Collected data:
_ _ _ _ _ _ _
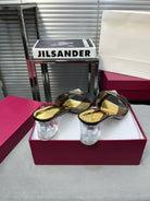 Heeled Sandals 6cm with Crystal Square Buckle Gold and Black
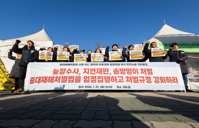 중대재해처벌법 시행 4년을 맞아 민주노총이 법의 엄정 집행과 처벌 강화를 촉구하며 전국 동시다발 기자회견을 열었다민주노총은 중대재해 발생과 사망자 수가 줄지 않는 현실은 솜방망이 처벌과 미흡한 법 집행 때문이라고 지적했다.
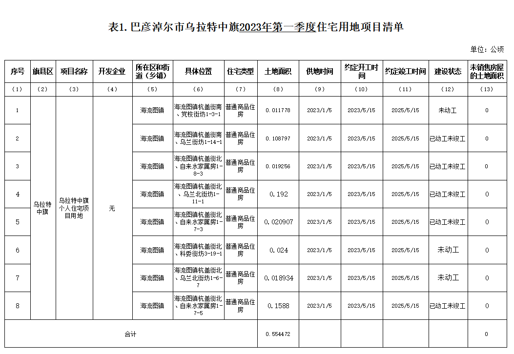 巴彦淖尔市乌拉特中旗2023年第一季度住宅用地项目信息
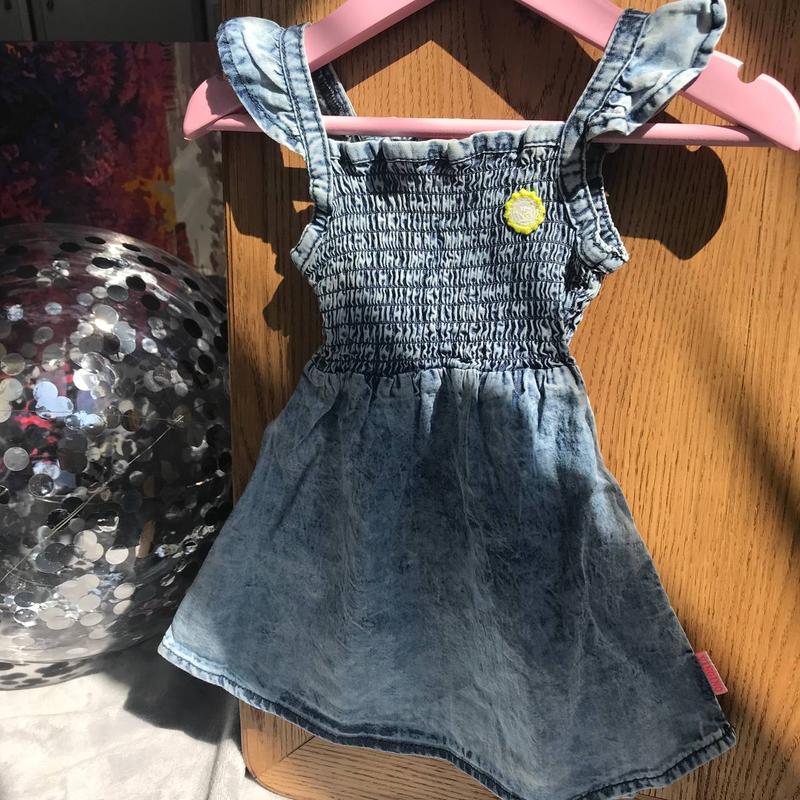 Просто крутезный котоновый сарафанчик, сделанный под джинс от Vingino. Очень легкнький, имеет эластичный верх, которые хорошо тянется и милые рюши на брительках. Размер 74
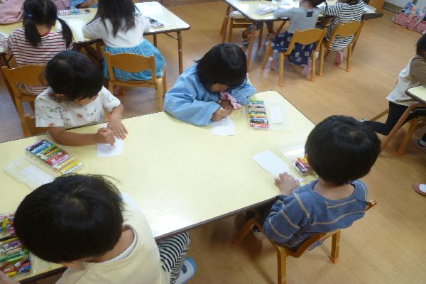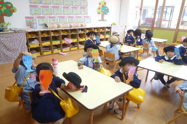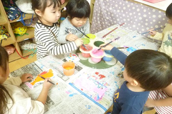 赤、青、黄色、オレンジ、ピンクなど、それぞれ自分の好きな色を選んで「オレンジジュース!」「バナナジュースにする!」と絵の具で色を塗りました!
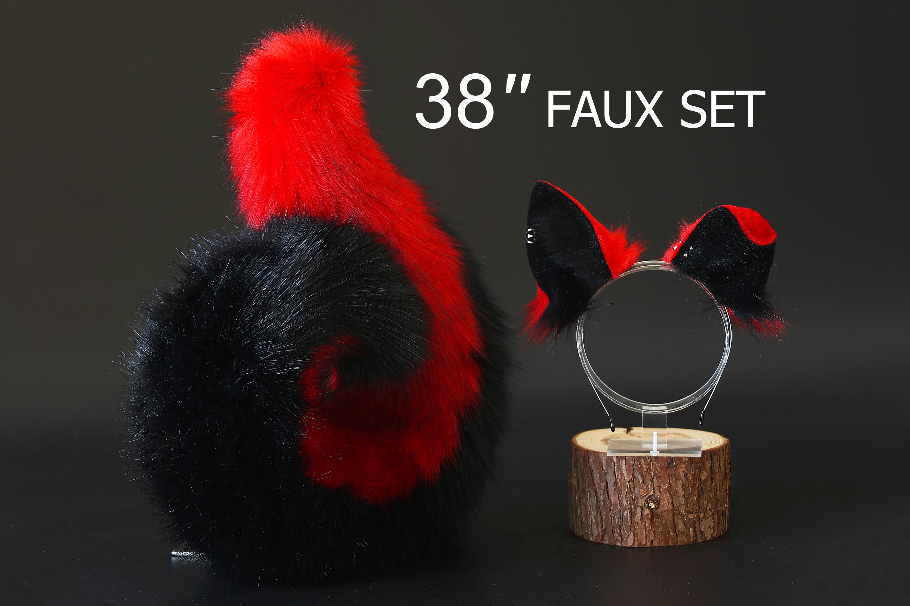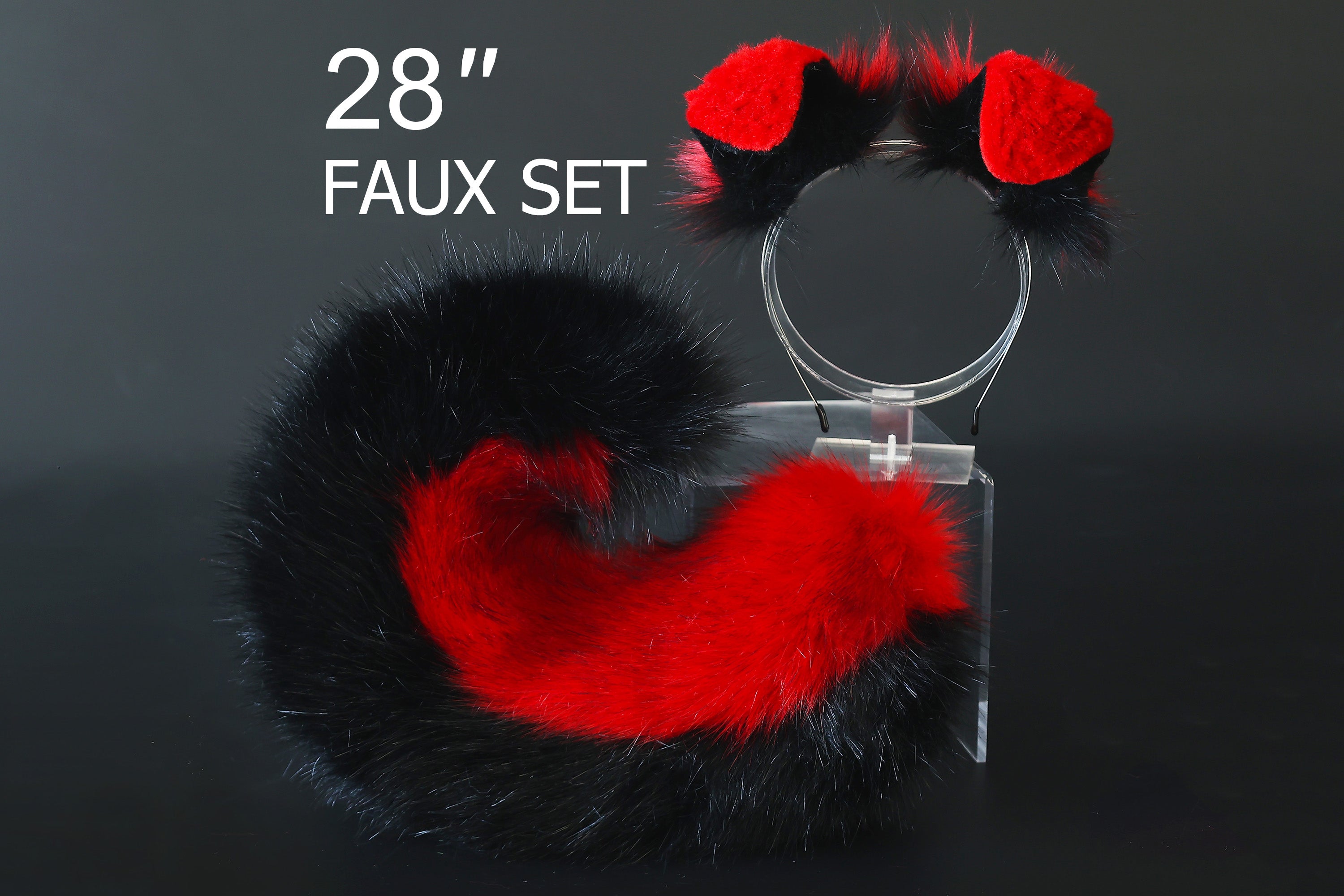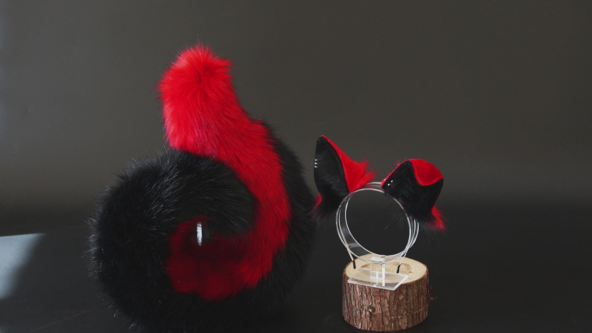 Red black faux fur red fox tail plug and ear wolf tail buttplug and ear kitten ear and tail plug set curved tail and ear plug cosplay -mature
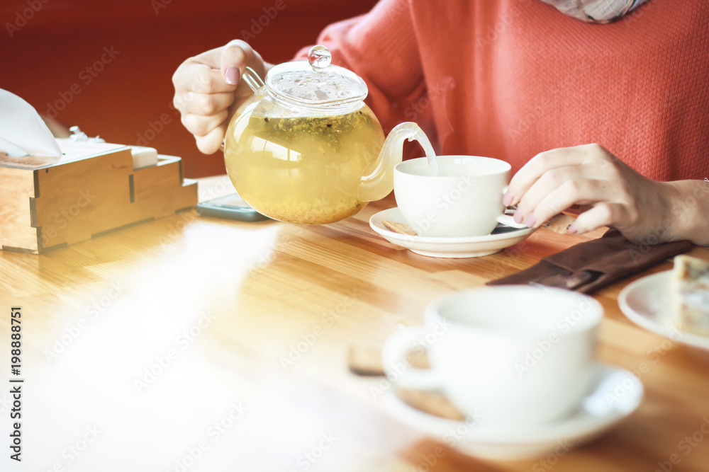 Female hands pour hot tea into a cup. Breakfast in the cafe.aromatic drink,
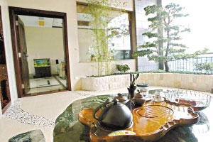 觀光電梯將我們送上到了韓先生的家。首先映入眼前的是韓先生家的入戶花園,近10平方米多的花園給人的感覺是自然、清新,不用入客廳就可以與客人一起在花園品茗或是欣賞美麗的黃旗山公園,想必這是一種極其少有的享受吧。
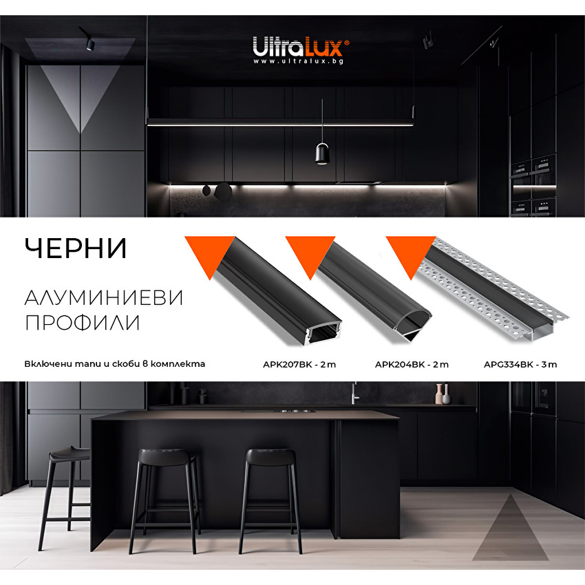 Алуминиевият профил е предназначен за вграждане в гипсокартон, като след монтажа видим остава единствено неговият черен дифузер. Геометрията му позволява използването на абсолютно всички видове LED ленти UltraLux.
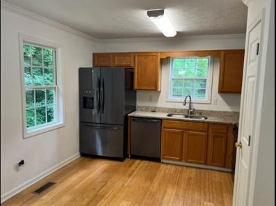 Well Maintained and Updated, Three Bedroom and Two Bathroom Home! Great neutral colors throughout! Open great room with a wood burning fireplace, great for those cold winter nights, featuring rock accents , plus crown molding, ceramic tile in bathrooms, home has hardwood floors throughout! Large Eat-In Dining room style kitchen with Granite Countertops, Undermount Sink and SS Appliance Package which includes a Smooth Top Stove and a Built-In Style Microwave Vent Hood. Oversized Back deck and overlooks the private and wooded Back Yard! The main level Bedrooms also feature all Hardwood Flooring and Neutral color plus crown molding! Partially Finished Basement with Sheetrock, Hardwood Floors, Painted Ceiling, and also features a Bath Stub for a Future Third Bath! Nice Size Two Car Garage offer room for extra storage! **listing agent is related to seller**
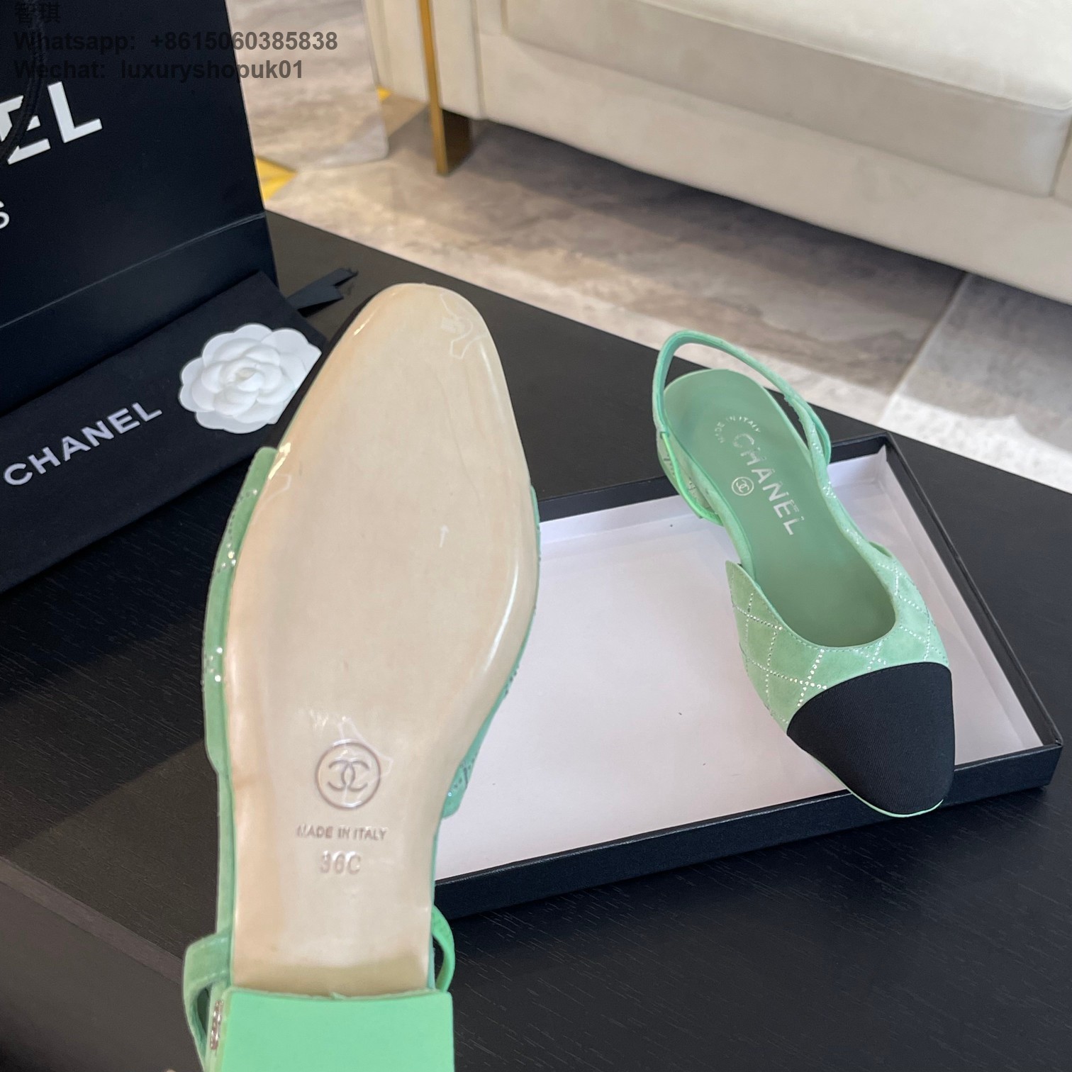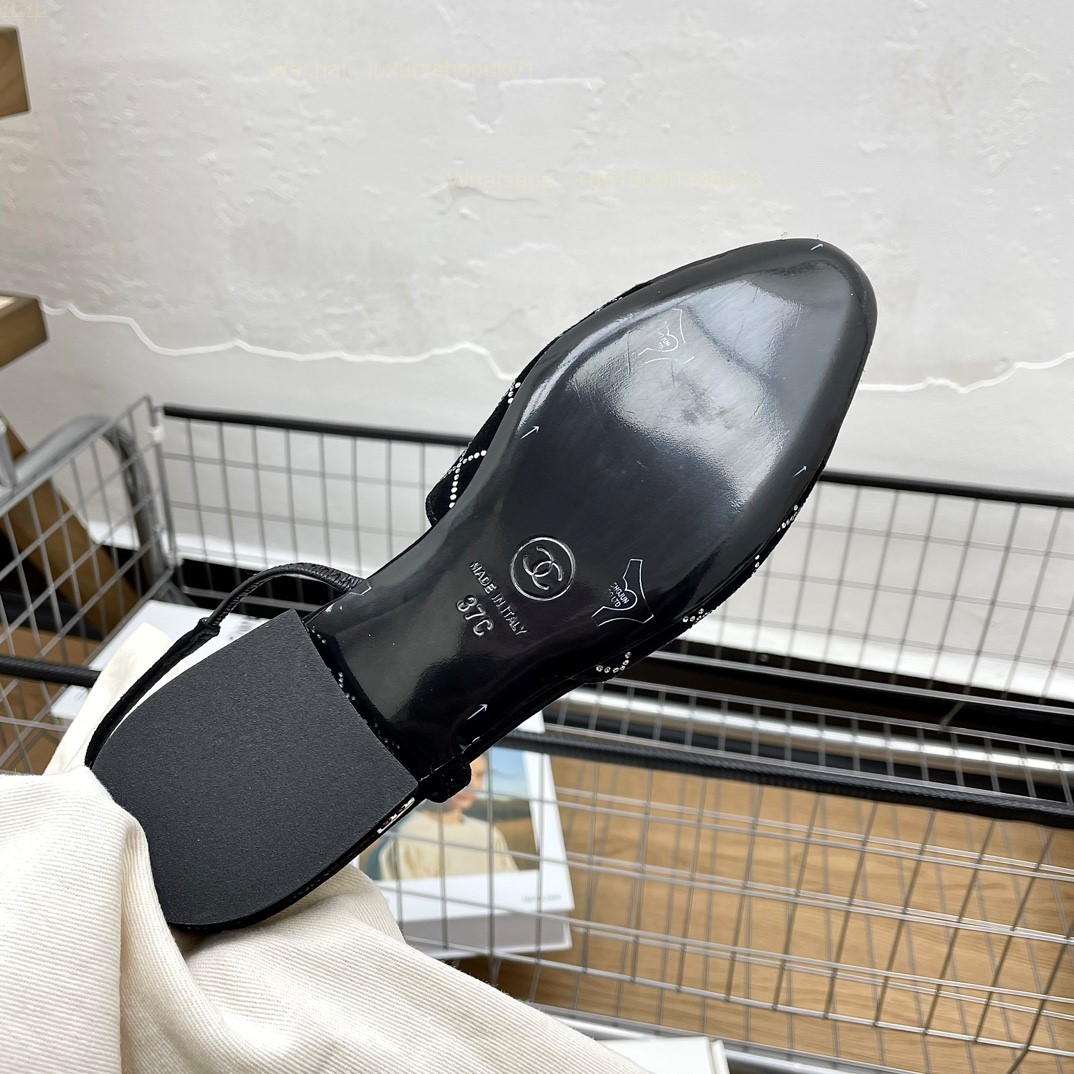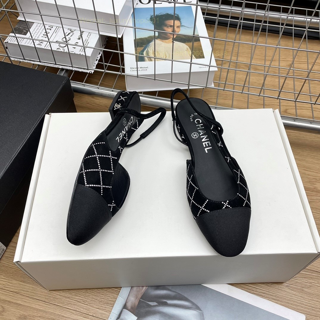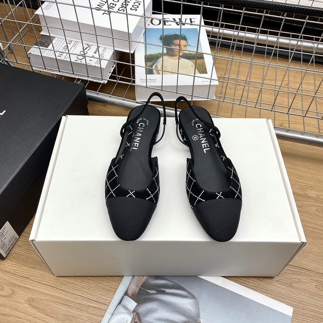 Women Chanel Leather Fabric Cap Toe Slingback Flats Sandals CC Logo Tweed Ballet Shoes
_ _ _ _ _ _ _
The records above need to be reproduced exactly, with all images omitted.

 Heeled Sandals 6cm with Crystal Square Buckle Gold and Black
 중대재해처벌법 시행 4년을 맞아 민주노총이 법의 엄정 집행과 처벌 강화를 촉구하며 전국 동시다발 기자회견을 열었다민주노총은 중대재해 발생과 사망자 수가 줄지 않는 현실은 솜방망이 처벌과 미흡한 법 집행 때문이라고 지적했다.
 巴彦淖尔市乌拉特中旗2023年第一季度住宅用地项目信息
 Просто крутезный котоновый сарафанчик, сделанный под джинс от Vingino. Очень легкнький, имеет эластичный верх, которые хорошо тянется и милые рюши на брительках. Размер 74
 赤、青、黄色、オレンジ、ピンクなど、それぞれ自分の好きな色を選んで「オレンジジュース!」「バナナジュースにする!」と絵の具で色を塗りました!
 Red black faux fur red fox tail plug and ear wolf tail buttplug and ear kitten ear and tail plug set curved tail and ear plug cosplay -mature
 Female hands pour hot tea into a cup. Breakfast in the cafe.aromatic drink,
 觀光電梯將我們送上到了韓先生的家。首先映入眼前的是韓先生家的入戶花園,近10平方米多的花園給人的感覺是自然、清新,不用入客廳就可以與客人一起在花園品茗或是欣賞美麗的黃旗山公園,想必這是一種極其少有的享受吧。
 Алуминиевият профил е предназначен за вграждане в гипсокартон, като след монтажа видим остава единствено неговият черен дифузер. Геометрията му позволява използването на абсолютно всички видове LED ленти UltraLux.
 Well Maintained and Updated, Three Bedroom and Two Bathroom Home! Great neutral colors throughout! Open great room with a wood burning fireplace, great for those cold winter nights, featuring rock accents , plus crown molding, ceramic tile in bathrooms, home has hardwood floors throughout! Large Eat-In Dining room style kitchen with Granite Countertops, Undermount Sink and SS Appliance Package which includes a Smooth Top Stove and a Built-In Style Microwave Vent Hood. Oversized Back deck and overlooks the private and wooded Back Yard! The main level Bedrooms also feature all Hardwood Flooring and Neutral color plus crown molding! Partially Finished Basement with Sheetrock, Hardwood Floors, Painted Ceiling, and also features a Bath Stub for a Future Third Bath! Nice Size Two Car Garage offer room for extra storage! **listing agent is related to seller**
 Women Chanel Leather Fabric Cap Toe Slingback Flats Sandals CC Logo Tweed Ballet Shoes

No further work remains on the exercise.